**Task directions**. Would you repeat exactly the part of the listing below that runs from the line containing "Authentic open porch-style" down to the line containing "Leading sustainable architecture", inclusive, and nothing else?

**Dataset records**.
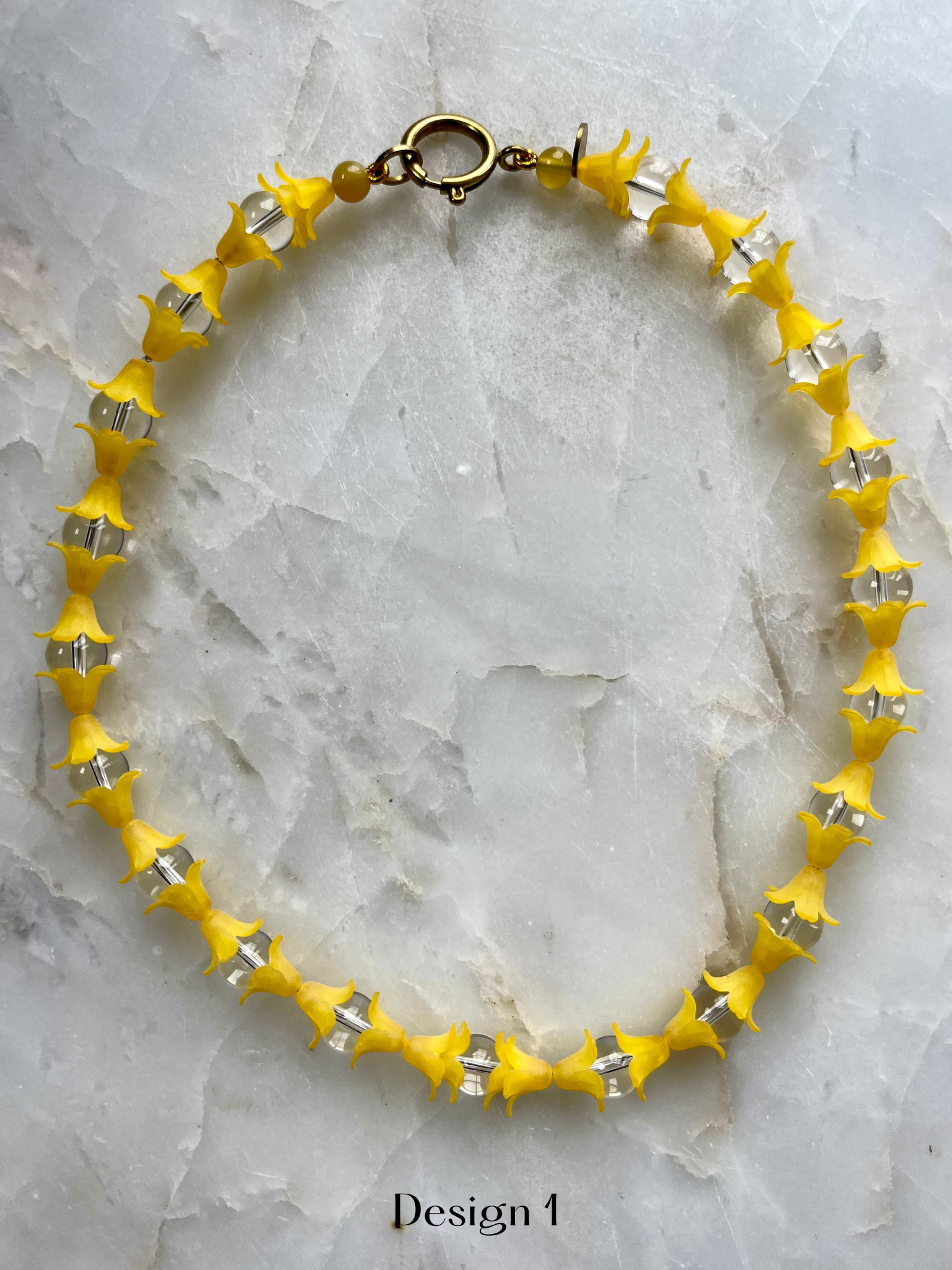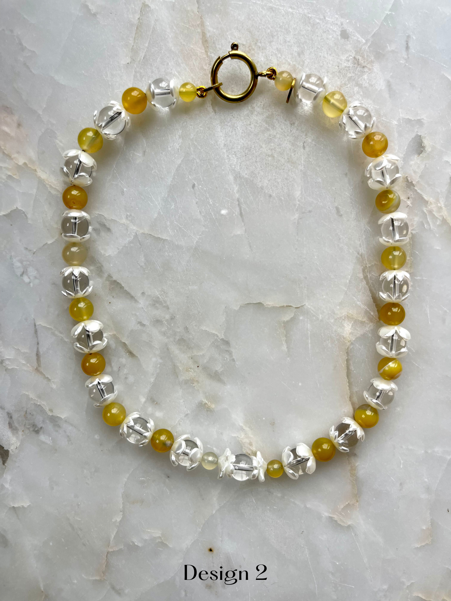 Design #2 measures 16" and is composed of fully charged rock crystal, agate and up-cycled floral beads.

...

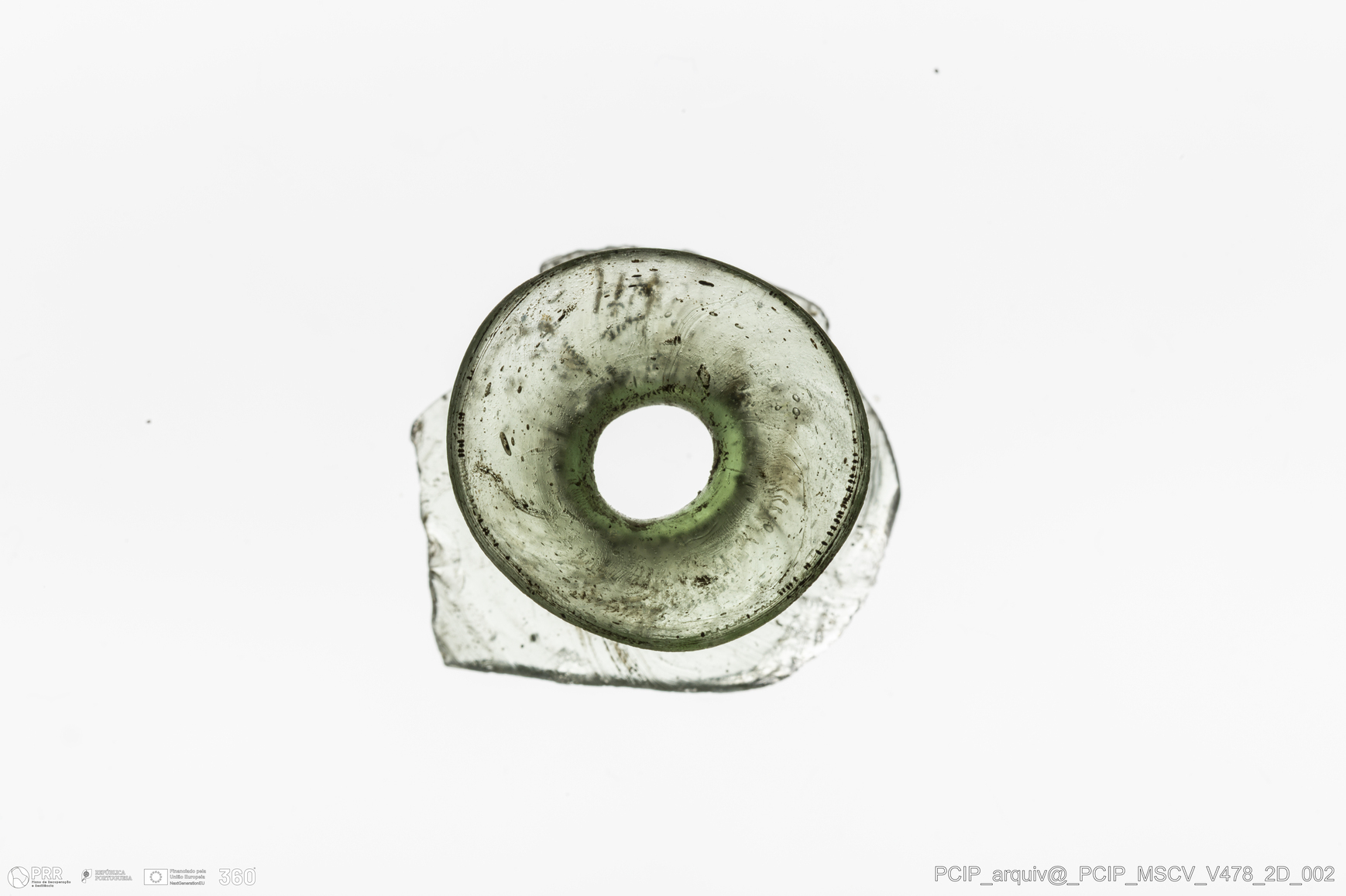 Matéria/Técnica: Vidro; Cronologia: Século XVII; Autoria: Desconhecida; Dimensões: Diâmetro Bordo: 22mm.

==

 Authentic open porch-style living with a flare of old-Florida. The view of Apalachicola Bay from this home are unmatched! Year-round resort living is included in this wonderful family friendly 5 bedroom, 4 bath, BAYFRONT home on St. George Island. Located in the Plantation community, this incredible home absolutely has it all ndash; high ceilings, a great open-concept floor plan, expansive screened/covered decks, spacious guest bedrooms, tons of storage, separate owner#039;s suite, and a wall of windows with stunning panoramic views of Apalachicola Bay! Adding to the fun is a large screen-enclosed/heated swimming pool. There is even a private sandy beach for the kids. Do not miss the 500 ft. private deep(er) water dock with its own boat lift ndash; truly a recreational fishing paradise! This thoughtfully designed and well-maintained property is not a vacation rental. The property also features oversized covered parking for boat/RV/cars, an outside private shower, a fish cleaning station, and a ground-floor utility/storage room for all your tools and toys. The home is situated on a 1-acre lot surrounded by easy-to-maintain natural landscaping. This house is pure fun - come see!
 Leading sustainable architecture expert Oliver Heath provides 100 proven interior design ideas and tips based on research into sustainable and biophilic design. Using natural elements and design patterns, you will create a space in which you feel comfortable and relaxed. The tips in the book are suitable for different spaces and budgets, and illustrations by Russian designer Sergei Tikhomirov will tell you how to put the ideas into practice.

**Answer for this exercise**.
 Authentic open porch-style living with a flare of old-Florida. The view of Apalachicola Bay from this home are unmatched! Year-round resort living is included in this wonderful family friendly 5 bedroom, 4 bath, BAYFRONT home on St. George Island. Located in the Plantation community, this incredible home absolutely has it all ndash; high ceilings, a great open-concept floor plan, expansive screened/covered decks, spacious guest bedrooms, tons of storage, separate owner#039;s suite, and a wall of windows with stunning panoramic views of Apalachicola Bay! Adding to the fun is a large screen-enclosed/heated swimming pool. There is even a private sandy beach for the kids. Do not miss the 500 ft. private deep(er) water dock with its own boat lift ndash; truly a recreational fishing paradise! This thoughtfully designed and well-maintained property is not a vacation rental. The property also features oversized covered parking for boat/RV/cars, an outside private shower, a fish cleaning station, and a ground-floor utility/storage room for all your tools and toys. The home is situated on a 1-acre lot surrounded by easy-to-maintain natural landscaping. This house is pure fun - come see!
 Leading sustainable architecture expert Oliver Heath provides 100 proven interior design ideas and tips based on research into sustainable and biophilic design. Using natural elements and design patterns, you will create a space in which you feel comfortable and relaxed. The tips in the book are suitable for different spaces and budgets, and illustrations by Russian designer Sergei Tikhomirov will tell you how to put the ideas into practice.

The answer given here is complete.